But the winit "hello world" example (named window), which just opens a window and draws nothing, has 95 crates in the complete build graph.

Right, but you can easily avoid, you cannot easily avoid libcore, libm, and compiler_builtins.

That's where automated tools become critical, yes. I would expect a binary built atop those dependencies to just provide a single programmatically generated file containing the licenses of all its dependencies.

(Also, this only comes up if you're distributing in binary form rather than in source form. If you're distributing in source form, and not bundling/vendoring all your dependencies, you don't need to reproduce any of your dependencies' licenses.)

These same requirements would apply for any dependencies; you'd only "avoid" them if you're building code with no dependencies. (That sometimes happens with no_std code, but otherwise seems relatively uncommon.)

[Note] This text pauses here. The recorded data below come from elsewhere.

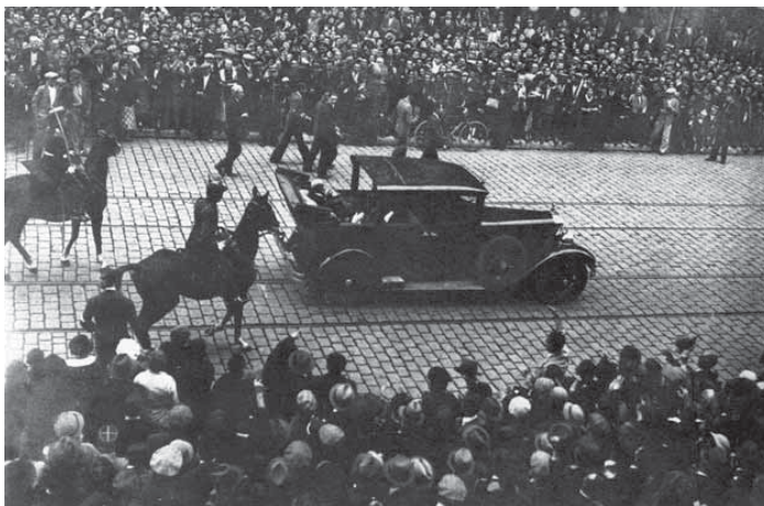
The car in which King Alexander and Luy Barton left the port a couple minutes before the assassination

It was known in Belgrade that preparations for the assassination attempt were under way but the King refused to take the warnings seriously and others in charge of his security did the same. Before setting off the King was nervous and tired; he was feeling ill, his weight was only 49 kilograms. Instead of going on the trip he should have undergone medical treatment. The atmosphere on board of “Dubrovnik” was sombre, the assassination attempts were also discussed; Queen Maria requested that the King wear a bullet proof vest, but he refused. The Queen decided not to sail. Poor weather in Herceg Novi at the time of King Alexander’s departure was not a good omen. For two days the weather was windy and only on the 9th October the sun came out. Accompanied by a French destroyer, “Dubrovnik” sailed in to Marseille around 3:30pm. Meanwhile information had reached Paris that assassins were in the port. The Marshall of Court, General Dimitrijevic, advised King Alexander not to disembark, but he refused the suggestion. The reception on shore was magnificent and gun salutes welcomed the King. The crowd was huge on shore and surrounding the ship.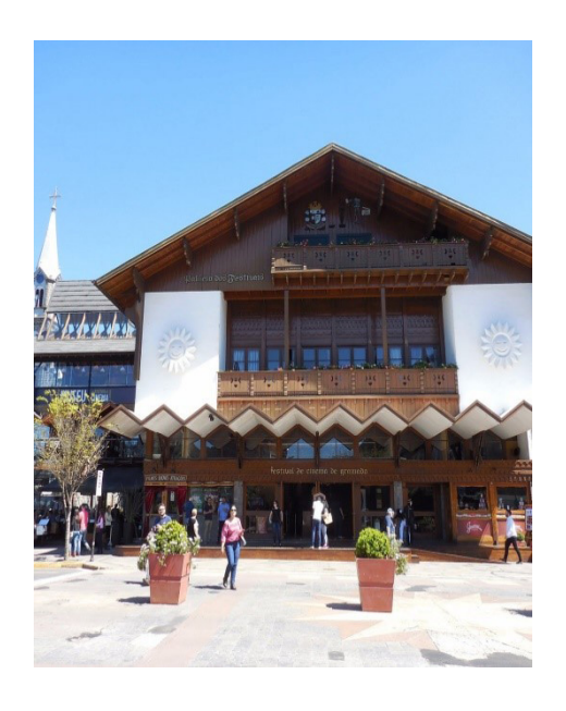
Figure 1. Palácio dos Festivais Building Credits. Manoela Barbacovi and Maria Angélica Zubaran

other's visitors. On the other hand, the Bavarian architectural style reinforces the tourist image of Gramado as a European city, as shown in the Figure 1.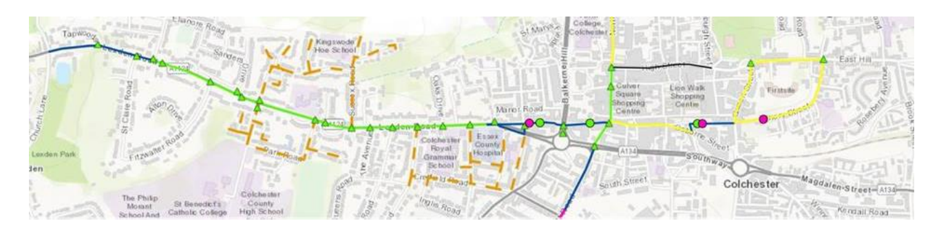
Map of Colchester East-West route proposals

Reaching the town centre, the route will intersect the north-south route before travelling east, ultimately reaching East Hill and allowing access to the easterly side of the town.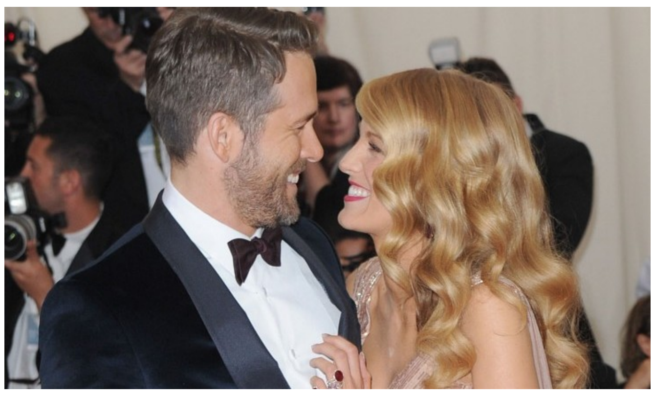
Page 1 of 20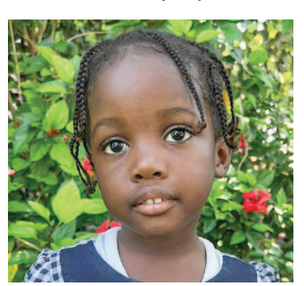
Gwessy Birthdate: 1/27/2022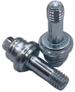
853-7803 3/8X1" EXTENDED SIDE MOUNT BATTERY BOLT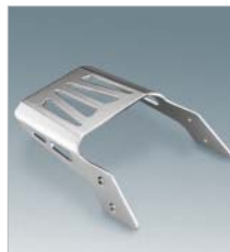
③ Rear Carrier

Chrome-plated steel plates featuring decorative cut-outs emphasising the massive motorcycle. Backrest pad included. Synthetic leather backrest matches machine seat and skin.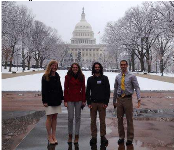
UConn Grad Students attend a Teaming with Wildlife Coalition event.

Wildlife Coalition's 2014 FLY-IN event in Washington DC.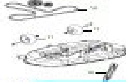
Deck B/N _____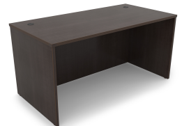
i5 Industries Kai Rectangular Desk Shell – Espresso – D3048, D3060, D3066, D3071, D3671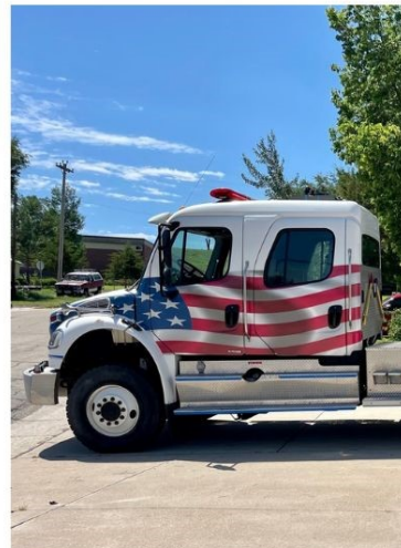
Sandhills Rural Fire Protection District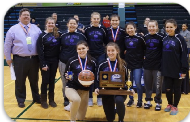
2A Girls Basketball Champions - Bristol Bay Angels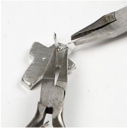
13 Attach round jump rings.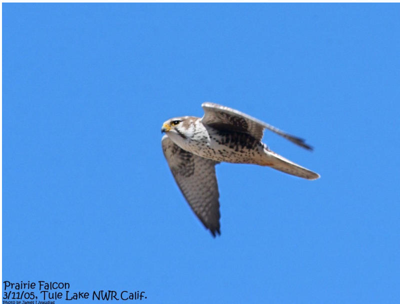
Prairie Falcon 3/11/05, Tule Lake NWR, Calif.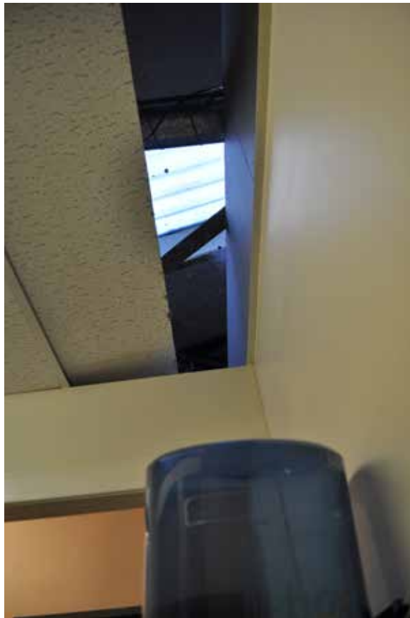
Plate 135: Building 3, Room 1/7, general view of skylight visible through removed tiles, looking SSE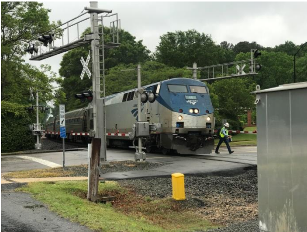
The northbound Carolinian departing for Raleigh behind GE P42DC No. 48.

Sometimes you get lucky in catching a lot of railroad action in a short time. Ken Howard took the following pictures at the Cary Amtrak station over a time span of only 21 minutes. Who knew Cary could be a train watcher's hotspot?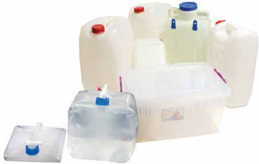
Wash Programme Bidonlar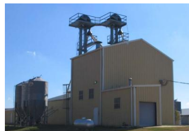
Poultry Research Feed Mill

The poultry producer must know the nutritional requirements of the bird's function; either egg production or meat production. After determining the nutritional requirements, the poultry producer should look into the availability and cost of appropriate feedstuffs. It is also critical that the poultry nutritionist know the limitations associated with each ingredient. Some ingredients may have anti-nutritional properties which limit their usage in poultry diets.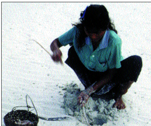
Moken woman gathers sand worms on sandy beach at low tide.

Throughout the Asia-Pacific region, it has been recognized that local people must be involved in the development of conservation regulations and be party to their implementation if the regulations are to be successfully enforced. This also implies that there must be recognizable benefits for the local population that offset the constraints imposed by regulations. For the Moken of the Surin Islands, their continued presence and use of natural resources within the park area will be facilitated by receiving and accepting their shared responsibility for safeguarding heritage values, so that together with local authorities and government department, they can explore sustainable development opportunities.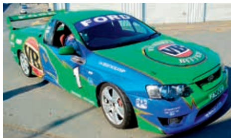
Take hot laps Winton Adrenaline rush

Those don't seem excessively onerous to comply with, if those are the only ones you're dealing with. However, it would certainly help if tools took the standard libraries into account. I've opened an issue on cargo-lichking to support that.

Right, I really did mean "don't use any external dependencies at all, do it all yourself".

To be honest, I prefer this situation over the one where I have to figure out if my compiler run was an "Eligible Compilation Process".

If someone uses 3rd party crates, then restrictions and attribution are expected. But it's less obvious for libstd and compiler built-ins, and I can imagine people being weirded out about this.

Maybe it's worth trying?

  • Git(Hub) keeps track of the e-mail addresses and linked GitHub accounts. Rust is not very old, so lots of people may still be reachable.
  • Existing licenses are already permissive, so addition of something like CC0 or a (static) linking exception clause isn't too much to ask.
  • If individual contributors didn't add themselves to "Copyright …" lines in the license document, they likely don't care about attribution anyway.
  • If it's ever going to happen, it's better to start now than later.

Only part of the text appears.